* **To do**
Would you transcribe exactly the lines from the beginning of the records below through the line with "ПРОШУТТО- 20/30sm 420gr", both included, omitting the pictures?

* **Records contained in a dataset**
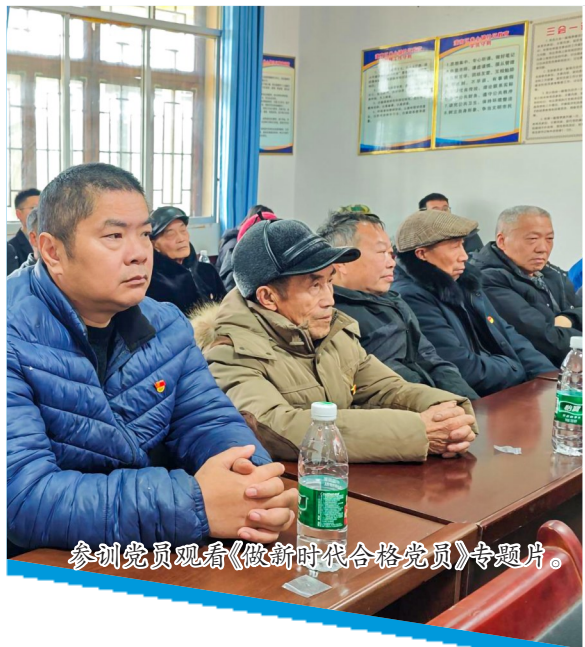
参训党员观看《做新时代合格党员》专题片。
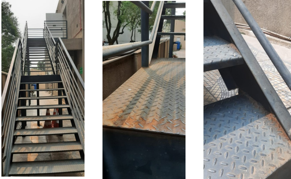
Figura 04: Escada de emergência com sinais de ferrugem

CÂMARA MUNICIPAL DE URUGUAIANA PALÁCIO BORGES DE MEDEIROS
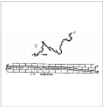
Нассонова План и разрез-развертка В.Н.Дублянский
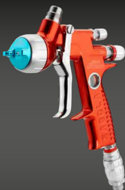
4600 Xtreme EAU
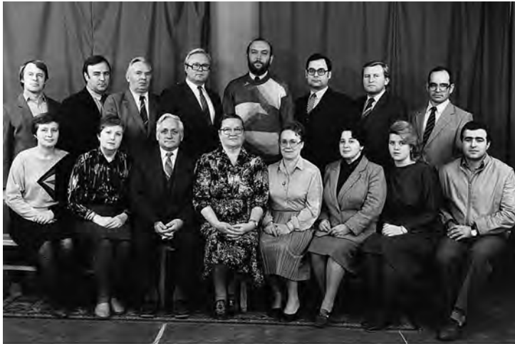
Науково-педагогічний склад кафедри (1988 рік)
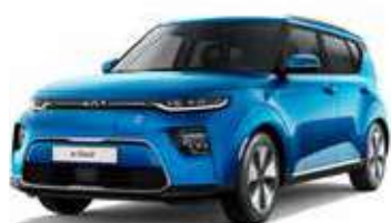
Bleu Cobalt (SRB)
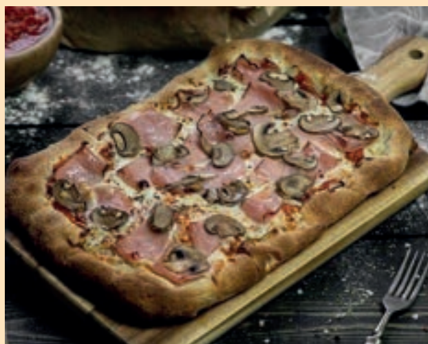
ПРОШУТТО- 20/30sm 420gr
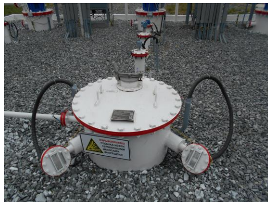
Рисунок 10 – Общий вид площадки размещения резервуаров ЕП – 40 №№ 157, 158, 159
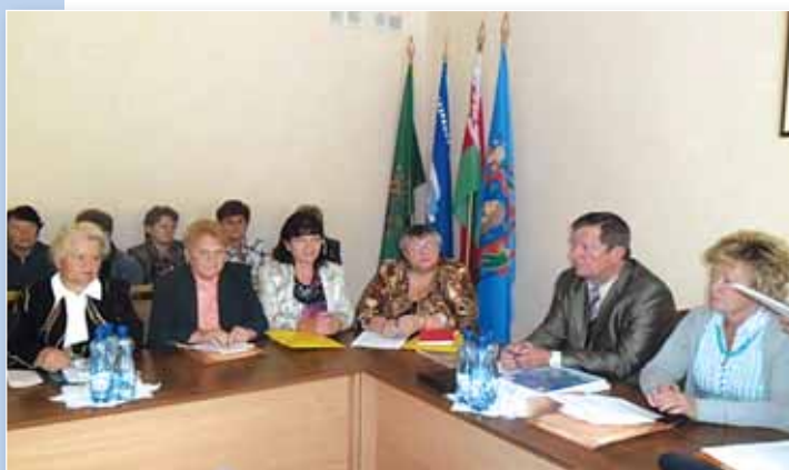
Обмен опытом делегации Могилевского областного совета ветеранов с коллегами из Витебской области.

Мы стараемся перенимать интересный опыт наших коллег из других областей, ищем свои пути поддержки ветеранов. Наша цель – дойти до каждого пожилого человека, помочь ему в решении его проблем.
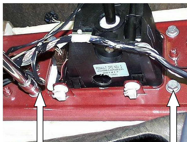
Открутить 2 болта
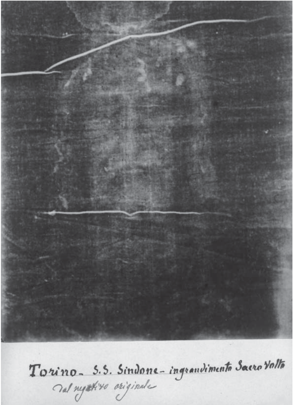
Afb. 1 Het gezicht van Jezus op de fotografische plaat van Secondo Pia.
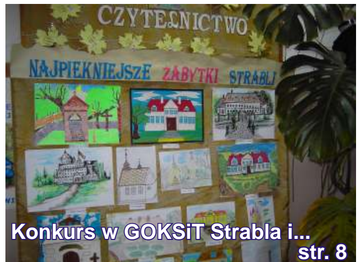
Konkurs w GOKSiT Strabla i...
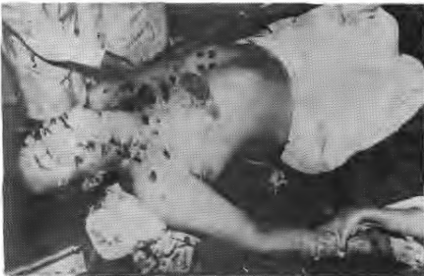
¡Mandaron a asesinarlo! La Prensa , 10 enero 1978

TODAVÍA SE DESCONOCE el nombre de la persona que ordenó asesinar a Pedro Joaquín Chamorro el 10 de enero de 1978, a pesar de que los supuestos asesinos materiales caen en manos de la justicia de inmediato. Los hechos conocidos señalan que el asesino intelectual es miembro del FSLN, como puede verse en el Anexo D: ASESINATO DE UNA NACIÓN. La intensa campaña que desata La Prensa , culpando a Somoza del crimen, genera apoyo popular a la insurrección que encabeza el FSLN, incendia a Nicaragua, y acelera y asegura la caída del dictador. En marzo de 1979, Fidel Castro reúne en La Habana a los líderes de las tres facciones del FSLN, coge tres de cada una, y forma la Dirección Nacional de nueve “comandantes” con los que se apodera de Nicaragua al caer Somoza el 19 de julio de 1979.
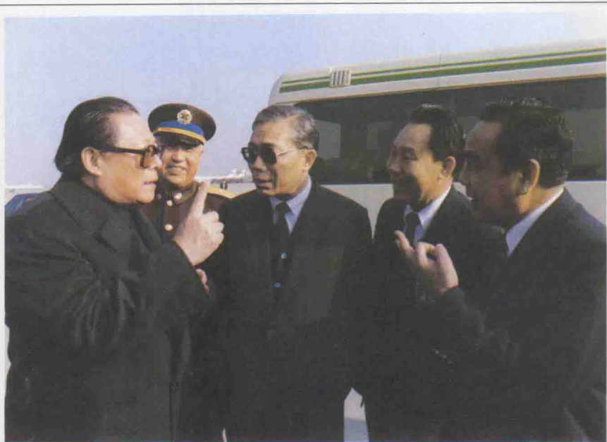
1989年11月26日，江泽民总书记亲临上海虹桥国际机场，听取民航局局长胡逸洲（左三）、民航华东管理局局长高世昌（左四）、中国东方航空公司总经理袁桃园（右一）的工作汇报
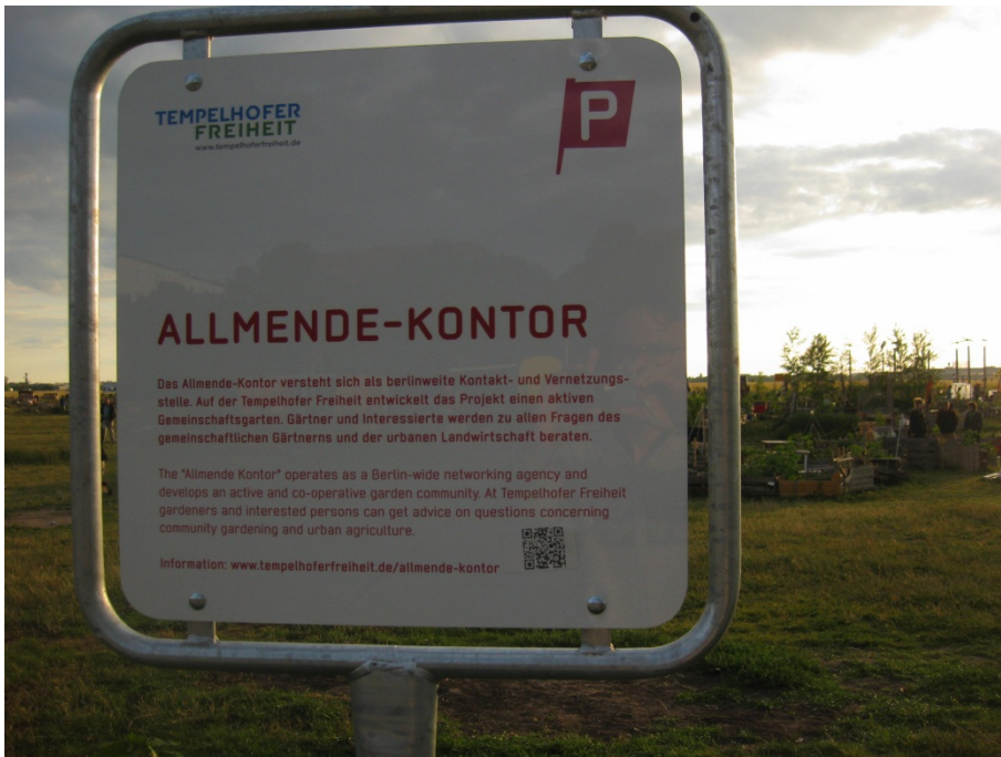
Abbildung 19

Das Schild, das direkt vor dem Allmende Kontor steht.
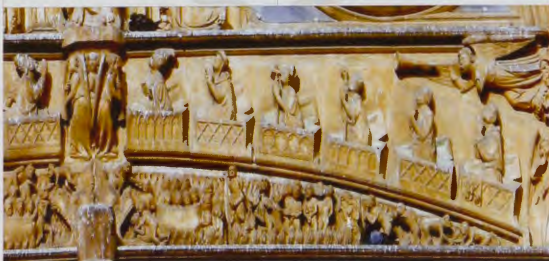
Juicio Final. Bienaventurados y condenados

Bajo esta escena hay un espacio que presenta el fallo del juicio. Una línea arqueada lo divide en dos niveles, que
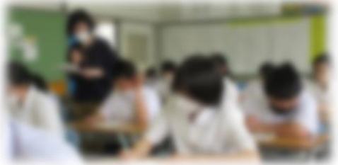
ちょっと緊張 〇〇さん
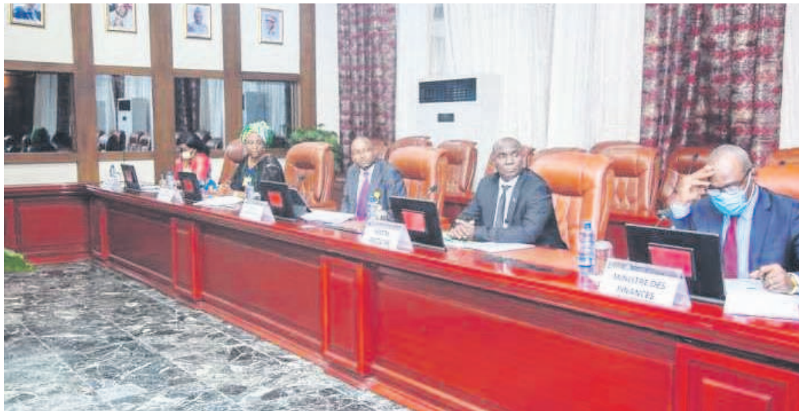
Quelques participants à la troisième réunion d'évaluation

dont les préparatifs vont évoluer avant d'aller sur terrain. Il a été question du projet complexe que représente le programme de développement à la base des 145 territoires où il sera question de construire des écoles, des hôpitaux, des infrastructures sportives, etc. Le gouvernement aura à travailler avec les agences d'exécution, a précisé le ministre de la Communication et Médias, avant d'ajouter que dans ce projet, le gouvernement va privilégier les structures locales pour concrétiser la vision du chef de l'Etat, Félix-Antoine Tshisekedi, qui vise leur renforcement en vue
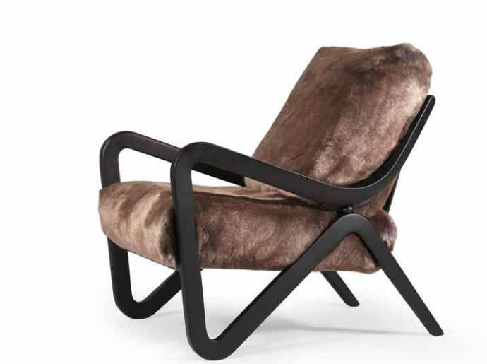
armchair 68x88 h 82 / Synthetic fur art. BLUE FOX Z339 col. 01. Solid Oak wooden frame Black Oak.
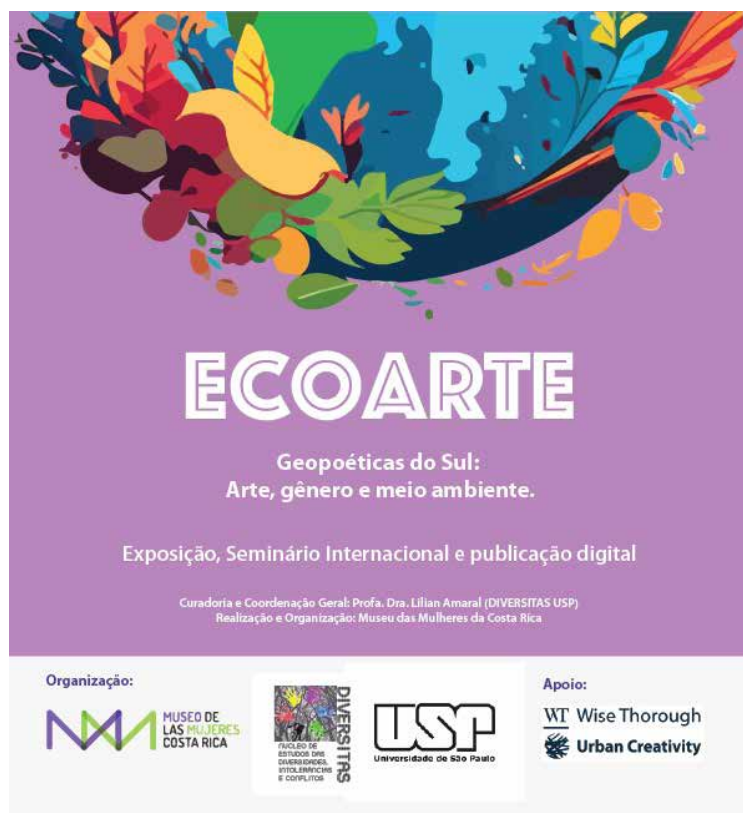
Imagen 1: Flyer de difusión del proyecto EcoArte, con Seminario Internacional, Exposición on line/, Encuentro híbrido presencial y Publicación digital, fruto de la cooperación establecida entre la Universidade de São Paulo, La Universidade de Lisboa y el Museo de las Mujeres Costa Rica.

los entre artistas, investigadores, artistas, ambientalistas y docentes, a través de procesos de creación e investigación ecopoética. La conversación de ecoarte se amplía: ahora involucra directamente cuestiones que articulan el cuerpo, la ecología, la memoria y la tecnodiversidad, al poner en diálogo diferentes cosmoopercepciones y formas de cuidado, para resaltar la interdependencia entre las diferentes formas de existencia humana y no humana.
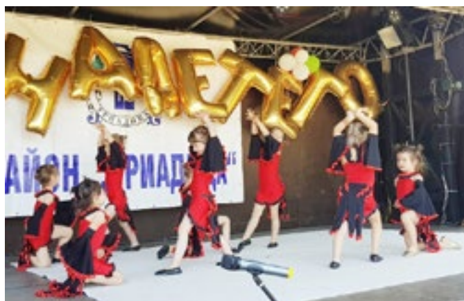
Латино танц „Пасо добле“ – подготвителна 5 „б“ група.

* **Answer box**
参训党员观看《做新时代合格党员》专题片。
Figura 04: Escada de emergência com sinais de ferrugem

CÂMARA MUNICIPAL DE URUGUAIANA PALÁCIO BORGES DE MEDEIROS
Нассонова План и разрез-развертка В.Н.Дублянский
4600 Xtreme EAU
Науково-педагогічний склад кафедри (1988 рік)
Bleu Cobalt (SRB)
ПРОШУТТО- 20/30sm 420gr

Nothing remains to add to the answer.